**Records supplied**
──────────────────────────────

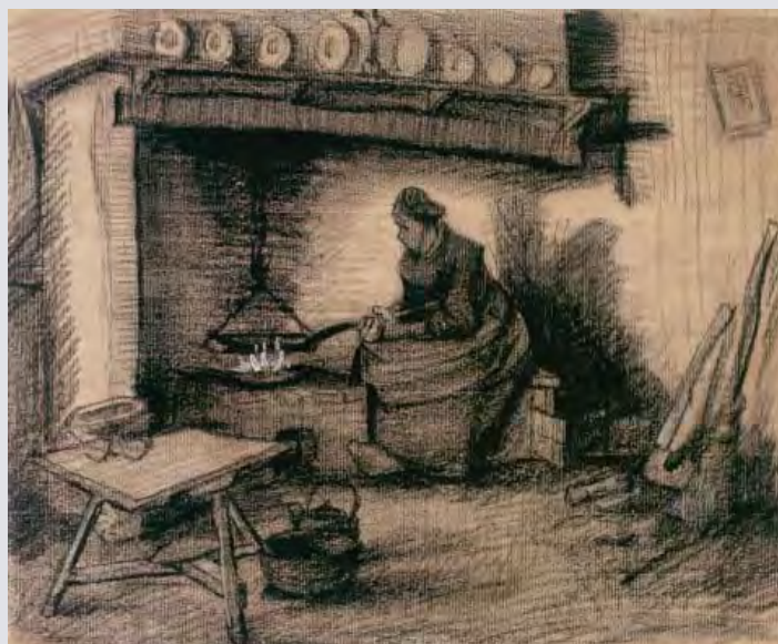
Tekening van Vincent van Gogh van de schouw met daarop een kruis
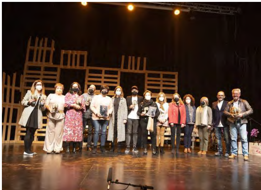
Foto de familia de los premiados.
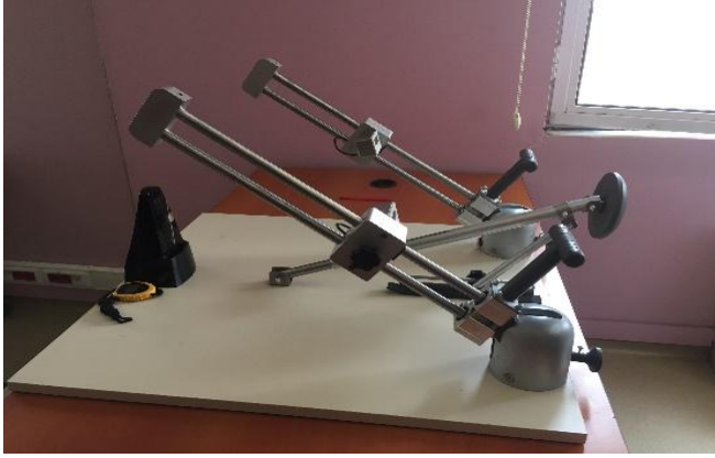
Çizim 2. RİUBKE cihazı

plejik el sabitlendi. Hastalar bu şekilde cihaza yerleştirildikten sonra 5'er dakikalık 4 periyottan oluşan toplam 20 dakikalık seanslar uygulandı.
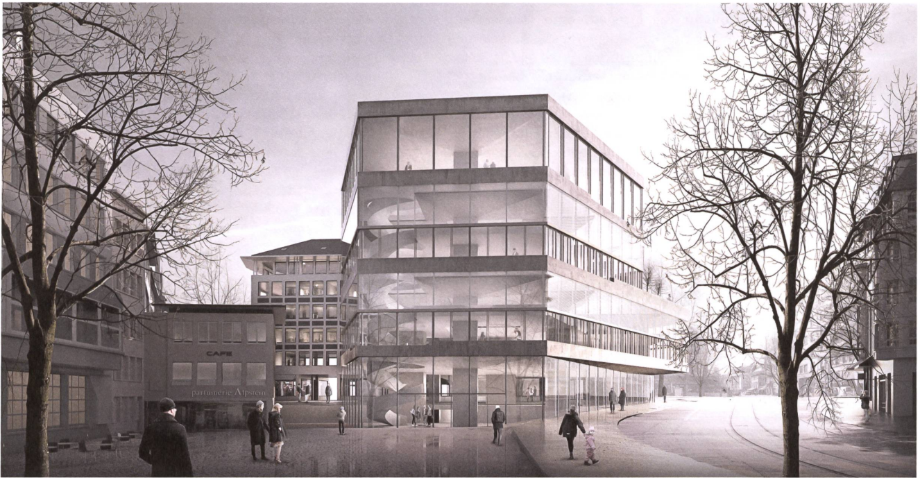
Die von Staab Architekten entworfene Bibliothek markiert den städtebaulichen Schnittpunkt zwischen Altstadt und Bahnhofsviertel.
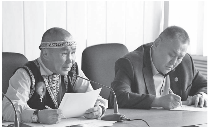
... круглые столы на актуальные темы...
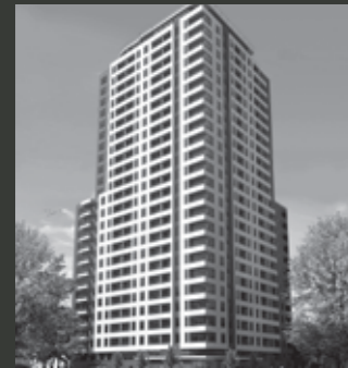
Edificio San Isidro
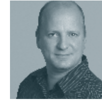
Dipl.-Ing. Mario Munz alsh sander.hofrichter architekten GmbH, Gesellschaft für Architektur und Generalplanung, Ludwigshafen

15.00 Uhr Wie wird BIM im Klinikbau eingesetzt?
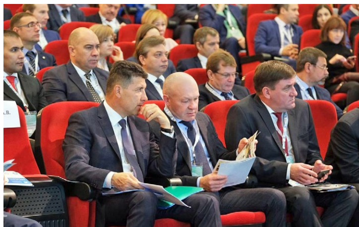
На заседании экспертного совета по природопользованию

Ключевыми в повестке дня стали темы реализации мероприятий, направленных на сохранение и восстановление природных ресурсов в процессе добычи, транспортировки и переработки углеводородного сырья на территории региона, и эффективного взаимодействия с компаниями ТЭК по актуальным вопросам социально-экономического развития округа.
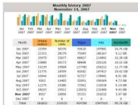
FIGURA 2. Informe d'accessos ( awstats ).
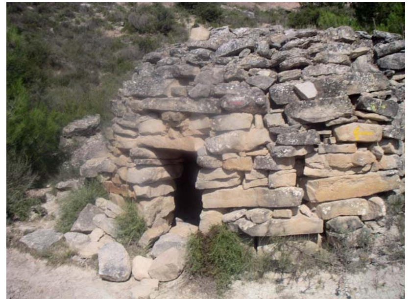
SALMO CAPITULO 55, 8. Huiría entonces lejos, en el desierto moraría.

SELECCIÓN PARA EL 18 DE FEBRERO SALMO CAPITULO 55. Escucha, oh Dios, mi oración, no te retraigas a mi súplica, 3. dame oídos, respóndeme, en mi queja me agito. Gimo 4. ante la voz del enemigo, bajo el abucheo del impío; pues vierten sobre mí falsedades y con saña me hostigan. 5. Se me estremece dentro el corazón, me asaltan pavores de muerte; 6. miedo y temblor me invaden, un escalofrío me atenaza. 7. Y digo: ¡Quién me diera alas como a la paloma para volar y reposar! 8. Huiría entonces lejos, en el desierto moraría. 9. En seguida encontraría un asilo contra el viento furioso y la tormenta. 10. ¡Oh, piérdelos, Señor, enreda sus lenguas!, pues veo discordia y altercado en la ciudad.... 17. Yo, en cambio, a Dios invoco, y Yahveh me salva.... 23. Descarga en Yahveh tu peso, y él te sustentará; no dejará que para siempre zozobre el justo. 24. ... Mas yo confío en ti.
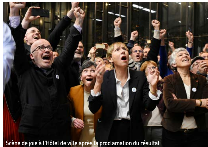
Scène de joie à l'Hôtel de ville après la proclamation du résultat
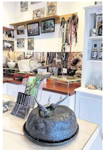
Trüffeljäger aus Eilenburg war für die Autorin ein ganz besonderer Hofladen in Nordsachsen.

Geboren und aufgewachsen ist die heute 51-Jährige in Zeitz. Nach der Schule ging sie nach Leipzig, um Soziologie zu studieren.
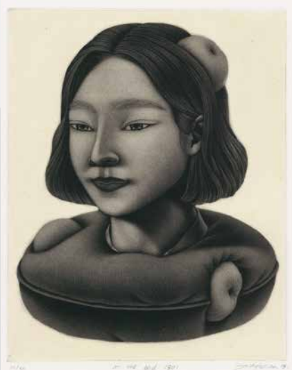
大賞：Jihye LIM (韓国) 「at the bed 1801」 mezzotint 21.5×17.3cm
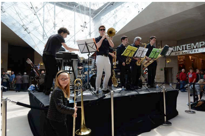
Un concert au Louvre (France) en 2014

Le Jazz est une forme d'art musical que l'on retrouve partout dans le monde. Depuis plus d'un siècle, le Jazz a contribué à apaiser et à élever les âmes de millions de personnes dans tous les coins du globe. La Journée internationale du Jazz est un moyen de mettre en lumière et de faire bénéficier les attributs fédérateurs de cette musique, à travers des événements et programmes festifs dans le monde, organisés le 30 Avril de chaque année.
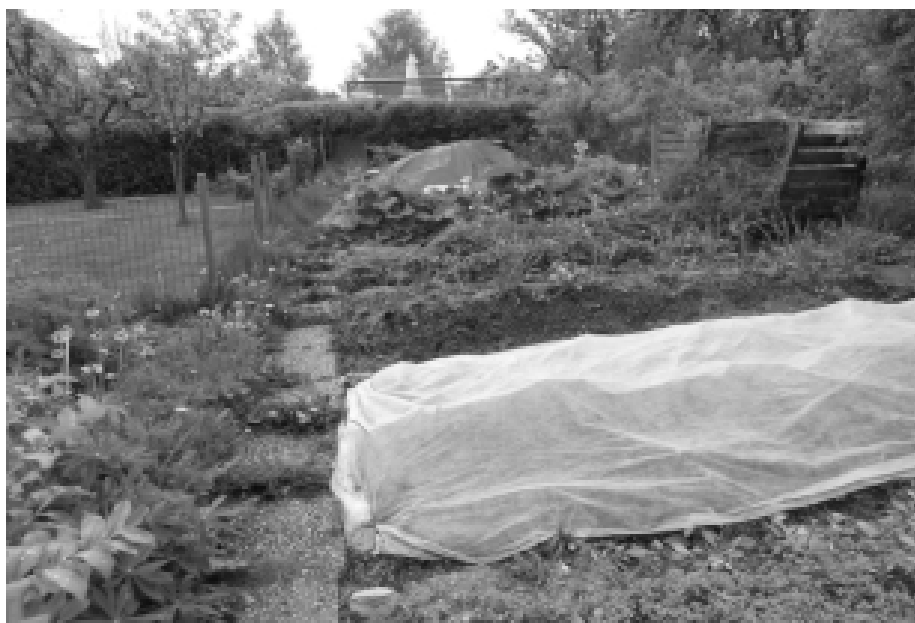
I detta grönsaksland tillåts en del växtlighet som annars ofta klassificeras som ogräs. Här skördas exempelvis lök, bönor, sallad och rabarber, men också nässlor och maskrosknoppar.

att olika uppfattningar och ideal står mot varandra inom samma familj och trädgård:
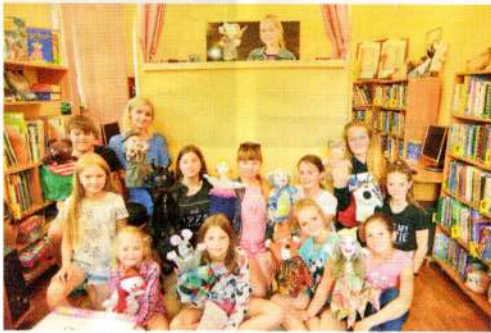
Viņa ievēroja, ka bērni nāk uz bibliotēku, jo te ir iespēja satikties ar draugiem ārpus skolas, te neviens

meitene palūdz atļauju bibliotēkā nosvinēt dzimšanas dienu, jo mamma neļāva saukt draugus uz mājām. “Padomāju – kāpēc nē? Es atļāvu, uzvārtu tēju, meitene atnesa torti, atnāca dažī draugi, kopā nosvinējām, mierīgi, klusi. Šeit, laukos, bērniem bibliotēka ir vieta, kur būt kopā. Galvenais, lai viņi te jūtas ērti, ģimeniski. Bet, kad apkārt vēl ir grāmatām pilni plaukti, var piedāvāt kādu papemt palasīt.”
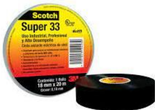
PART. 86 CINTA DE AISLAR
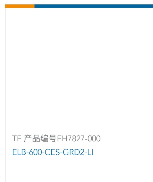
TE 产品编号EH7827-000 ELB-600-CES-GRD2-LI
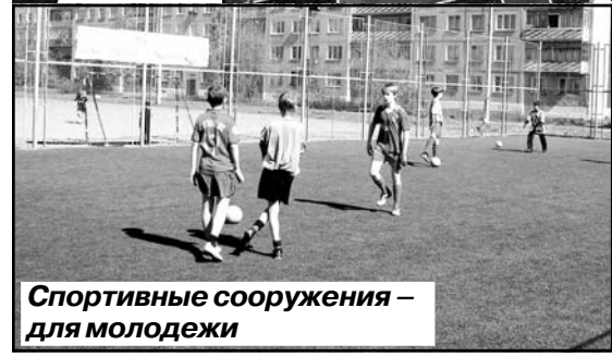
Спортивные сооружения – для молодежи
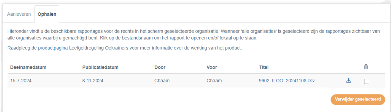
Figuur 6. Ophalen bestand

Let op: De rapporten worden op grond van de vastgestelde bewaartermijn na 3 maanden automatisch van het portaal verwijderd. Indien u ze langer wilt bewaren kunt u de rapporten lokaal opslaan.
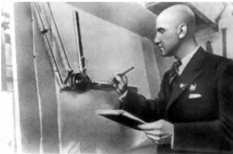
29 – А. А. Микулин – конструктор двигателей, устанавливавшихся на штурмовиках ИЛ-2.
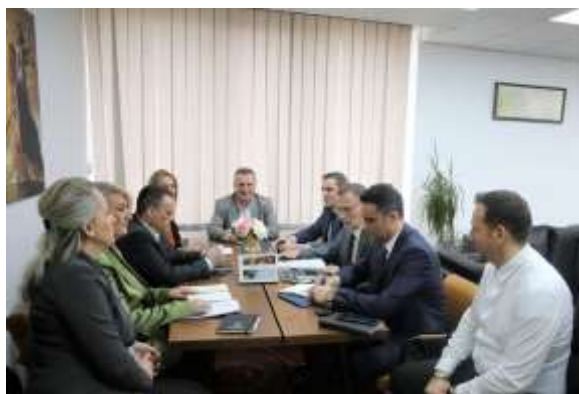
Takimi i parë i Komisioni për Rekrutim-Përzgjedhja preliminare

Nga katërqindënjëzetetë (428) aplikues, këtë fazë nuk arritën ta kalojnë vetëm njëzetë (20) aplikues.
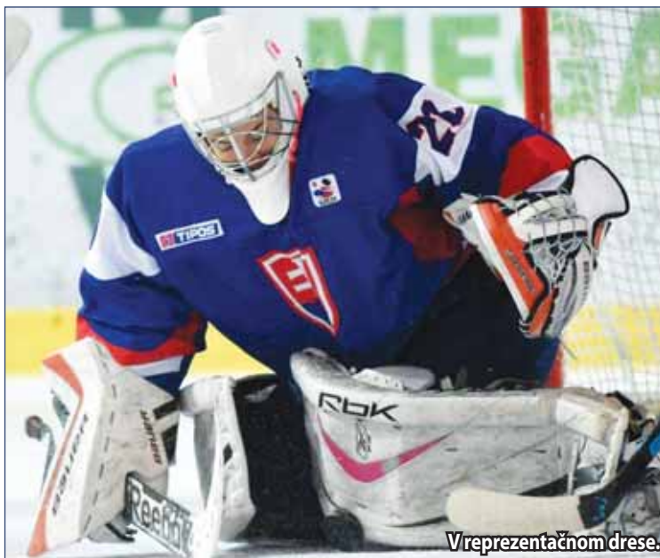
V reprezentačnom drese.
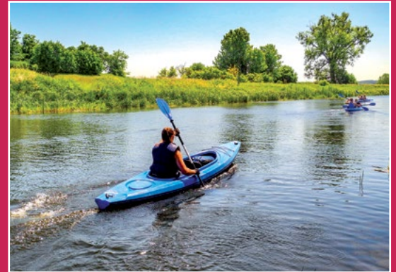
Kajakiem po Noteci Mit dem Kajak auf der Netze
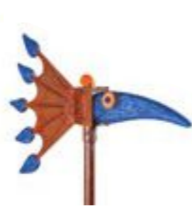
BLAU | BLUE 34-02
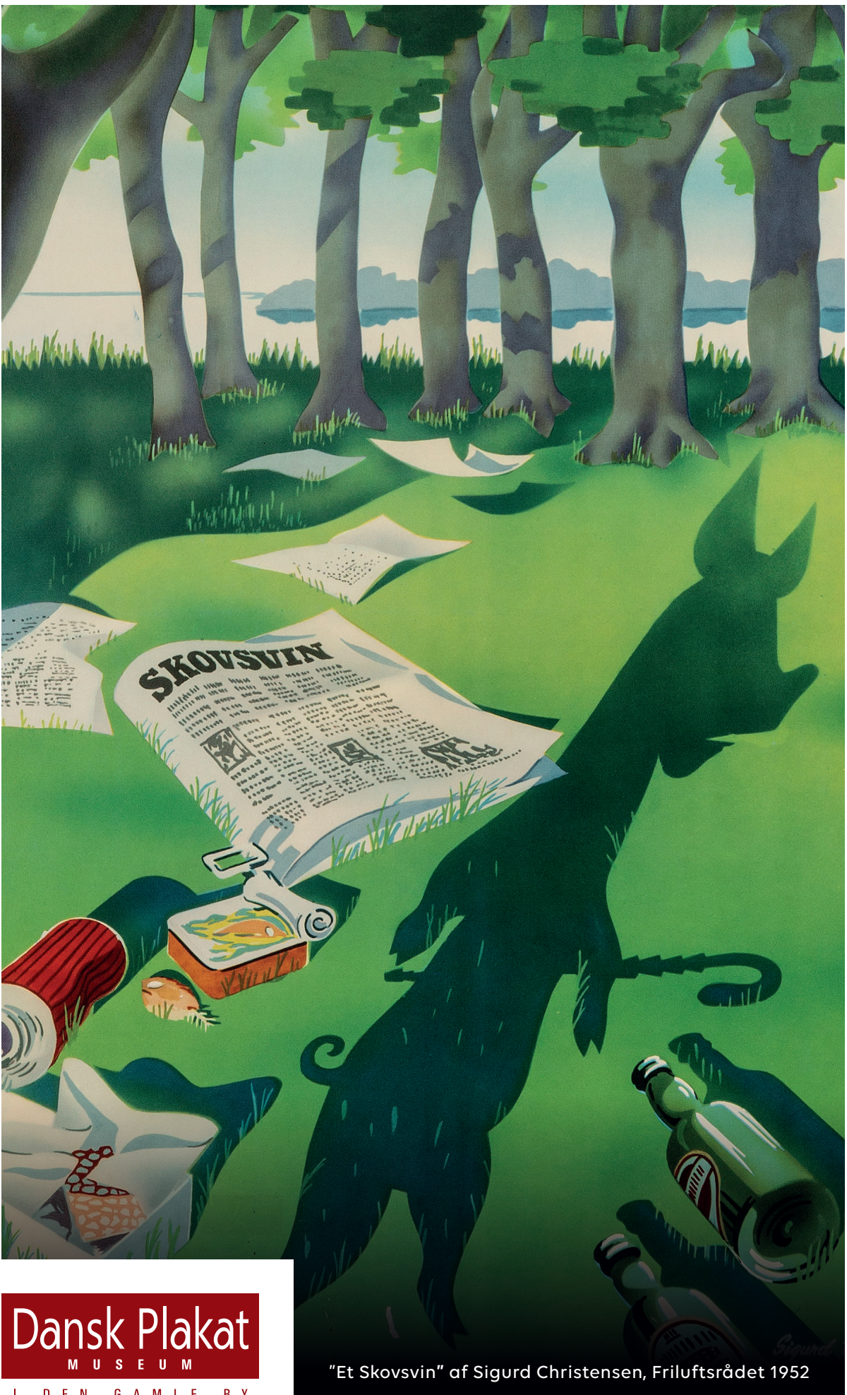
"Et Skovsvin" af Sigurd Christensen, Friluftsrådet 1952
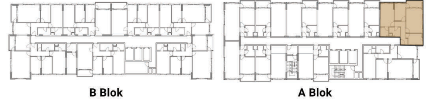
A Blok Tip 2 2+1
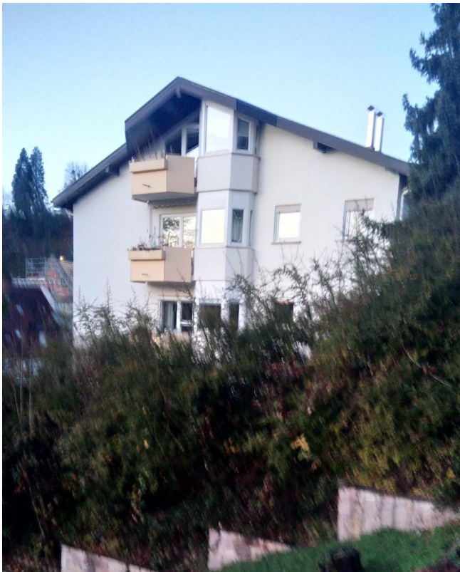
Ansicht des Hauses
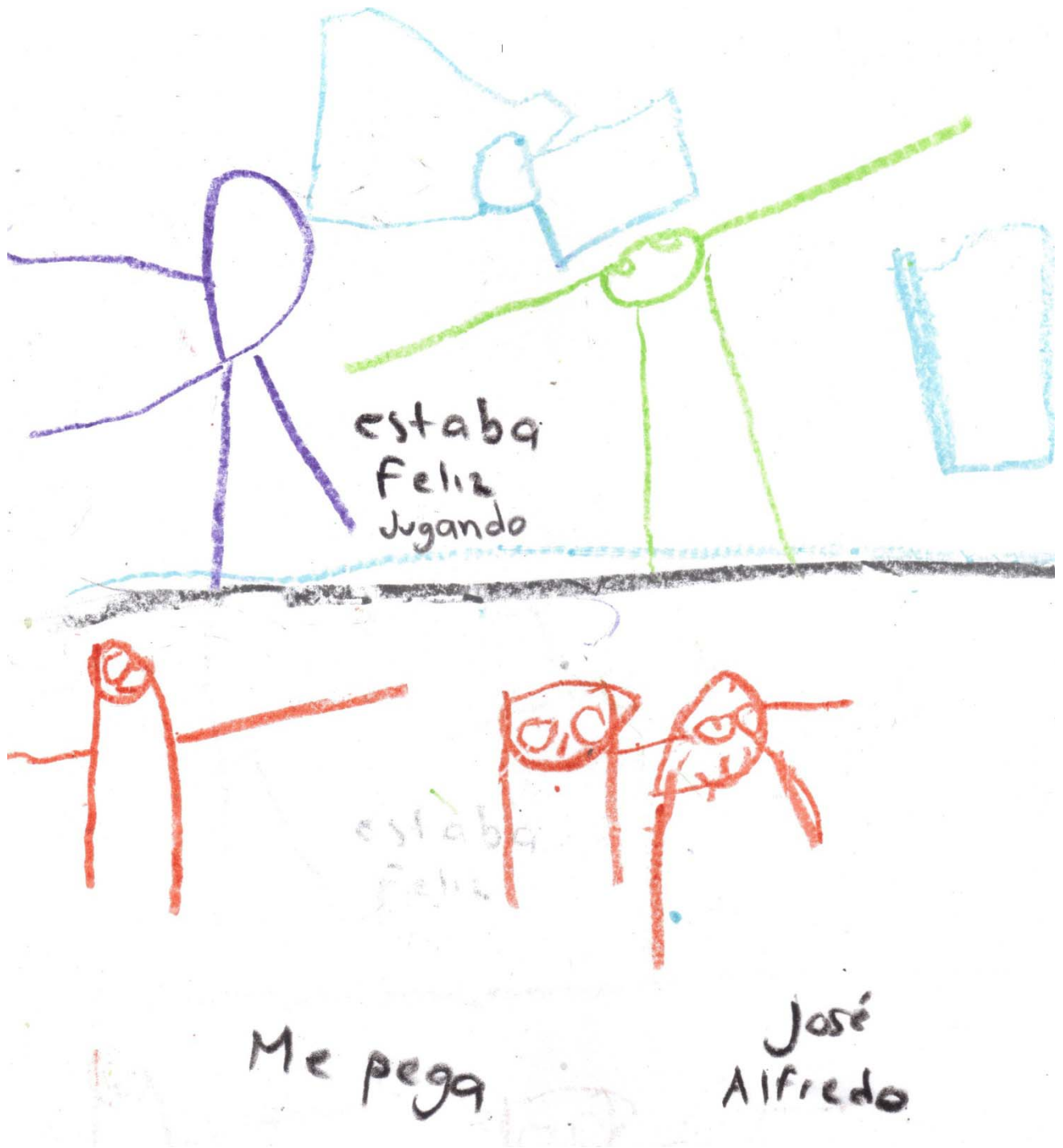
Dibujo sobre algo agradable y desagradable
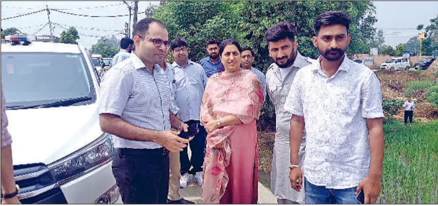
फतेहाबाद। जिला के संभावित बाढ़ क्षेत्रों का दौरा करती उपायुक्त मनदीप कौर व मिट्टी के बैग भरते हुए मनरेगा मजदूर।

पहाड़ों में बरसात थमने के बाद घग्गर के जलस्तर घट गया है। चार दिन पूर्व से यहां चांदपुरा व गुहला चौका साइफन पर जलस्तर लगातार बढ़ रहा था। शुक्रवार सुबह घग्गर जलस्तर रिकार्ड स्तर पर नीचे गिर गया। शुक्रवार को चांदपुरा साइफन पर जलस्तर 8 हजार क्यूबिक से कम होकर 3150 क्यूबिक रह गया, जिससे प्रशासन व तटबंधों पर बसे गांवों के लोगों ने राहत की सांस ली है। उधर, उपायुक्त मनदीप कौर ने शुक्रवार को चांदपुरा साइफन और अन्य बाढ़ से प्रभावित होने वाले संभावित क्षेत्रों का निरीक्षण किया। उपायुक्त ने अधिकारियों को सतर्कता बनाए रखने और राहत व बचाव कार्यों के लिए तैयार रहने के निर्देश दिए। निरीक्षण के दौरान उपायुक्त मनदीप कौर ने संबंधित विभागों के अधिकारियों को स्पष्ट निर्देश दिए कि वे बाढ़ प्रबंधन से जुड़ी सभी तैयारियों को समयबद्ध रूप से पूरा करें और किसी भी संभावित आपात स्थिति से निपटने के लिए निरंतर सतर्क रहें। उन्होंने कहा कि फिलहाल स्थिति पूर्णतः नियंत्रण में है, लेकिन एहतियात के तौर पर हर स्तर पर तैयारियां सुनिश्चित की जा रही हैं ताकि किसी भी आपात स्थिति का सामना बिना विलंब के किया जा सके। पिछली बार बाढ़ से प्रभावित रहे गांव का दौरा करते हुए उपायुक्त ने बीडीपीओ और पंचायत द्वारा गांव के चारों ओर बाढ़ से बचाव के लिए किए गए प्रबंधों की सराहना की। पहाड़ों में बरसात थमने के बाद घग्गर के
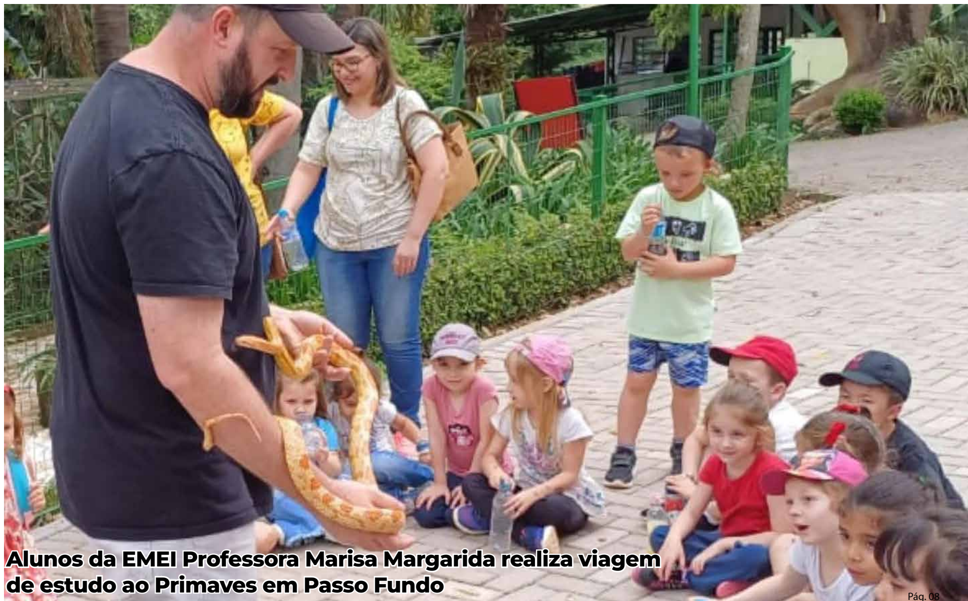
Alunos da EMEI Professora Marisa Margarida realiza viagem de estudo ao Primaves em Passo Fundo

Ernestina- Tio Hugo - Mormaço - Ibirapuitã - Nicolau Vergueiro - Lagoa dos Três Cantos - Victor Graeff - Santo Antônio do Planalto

──────────────────────────────

**What you have to do**
Report every line containing the word "темы" from the listing above.

**The answer**
... круглые столы на актуальные темы...
Ключевыми в повестке дня стали темы реализации мероприятий, направленных на сохранение и восстановление природных ресурсов в процессе добычи, транспортировки и переработки углеводородного сырья на территории региона, и эффективного взаимодействия с компаниями ТЭК по актуальным вопросам социально-экономического развития округа.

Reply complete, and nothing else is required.